%%

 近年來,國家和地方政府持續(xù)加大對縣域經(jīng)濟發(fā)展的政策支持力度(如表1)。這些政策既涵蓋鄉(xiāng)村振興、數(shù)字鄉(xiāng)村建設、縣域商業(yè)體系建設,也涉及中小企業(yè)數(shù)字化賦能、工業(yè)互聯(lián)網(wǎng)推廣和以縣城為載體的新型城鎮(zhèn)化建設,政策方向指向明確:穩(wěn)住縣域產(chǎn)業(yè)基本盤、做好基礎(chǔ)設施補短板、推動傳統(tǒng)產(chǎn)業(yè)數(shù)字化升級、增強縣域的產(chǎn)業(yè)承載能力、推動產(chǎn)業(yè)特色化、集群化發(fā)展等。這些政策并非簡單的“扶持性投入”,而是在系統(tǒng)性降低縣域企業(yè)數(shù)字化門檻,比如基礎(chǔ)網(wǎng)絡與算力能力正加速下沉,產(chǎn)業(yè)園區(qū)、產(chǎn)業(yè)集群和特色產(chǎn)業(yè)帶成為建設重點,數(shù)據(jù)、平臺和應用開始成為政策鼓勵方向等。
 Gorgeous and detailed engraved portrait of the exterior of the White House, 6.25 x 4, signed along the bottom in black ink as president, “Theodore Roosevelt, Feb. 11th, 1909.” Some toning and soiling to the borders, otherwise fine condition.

%%
%%

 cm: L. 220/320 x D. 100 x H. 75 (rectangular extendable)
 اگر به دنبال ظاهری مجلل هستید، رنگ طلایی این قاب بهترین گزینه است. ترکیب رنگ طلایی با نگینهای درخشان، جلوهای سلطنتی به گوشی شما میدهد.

%%

Retype, exactly and in full, the lines above from the one containing "近年來,國家和地方政府持續(xù)加大對" through the one containing "Gorgeous and detailed".

 近年來,國家和地方政府持續(xù)加大對縣域經(jīng)濟發(fā)展的政策支持力度(如表1)。這些政策既涵蓋鄉(xiāng)村振興、數(shù)字鄉(xiāng)村建設、縣域商業(yè)體系建設,也涉及中小企業(yè)數(shù)字化賦能、工業(yè)互聯(lián)網(wǎng)推廣和以縣城為載體的新型城鎮(zhèn)化建設,政策方向指向明確:穩(wěn)住縣域產(chǎn)業(yè)基本盤、做好基礎(chǔ)設施補短板、推動傳統(tǒng)產(chǎn)業(yè)數(shù)字化升級、增強縣域的產(chǎn)業(yè)承載能力、推動產(chǎn)業(yè)特色化、集群化發(fā)展等。這些政策并非簡單的“扶持性投入”,而是在系統(tǒng)性降低縣域企業(yè)數(shù)字化門檻,比如基礎(chǔ)網(wǎng)絡與算力能力正加速下沉,產(chǎn)業(yè)園區(qū)、產(chǎn)業(yè)集群和特色產(chǎn)業(yè)帶成為建設重點,數(shù)據(jù)、平臺和應用開始成為政策鼓勵方向等。
 Gorgeous and detailed engraved portrait of the exterior of the White House, 6.25 x 4, signed along the bottom in black ink as president, “Theodore Roosevelt, Feb. 11th, 1909.” Some toning and soiling to the borders, otherwise fine condition.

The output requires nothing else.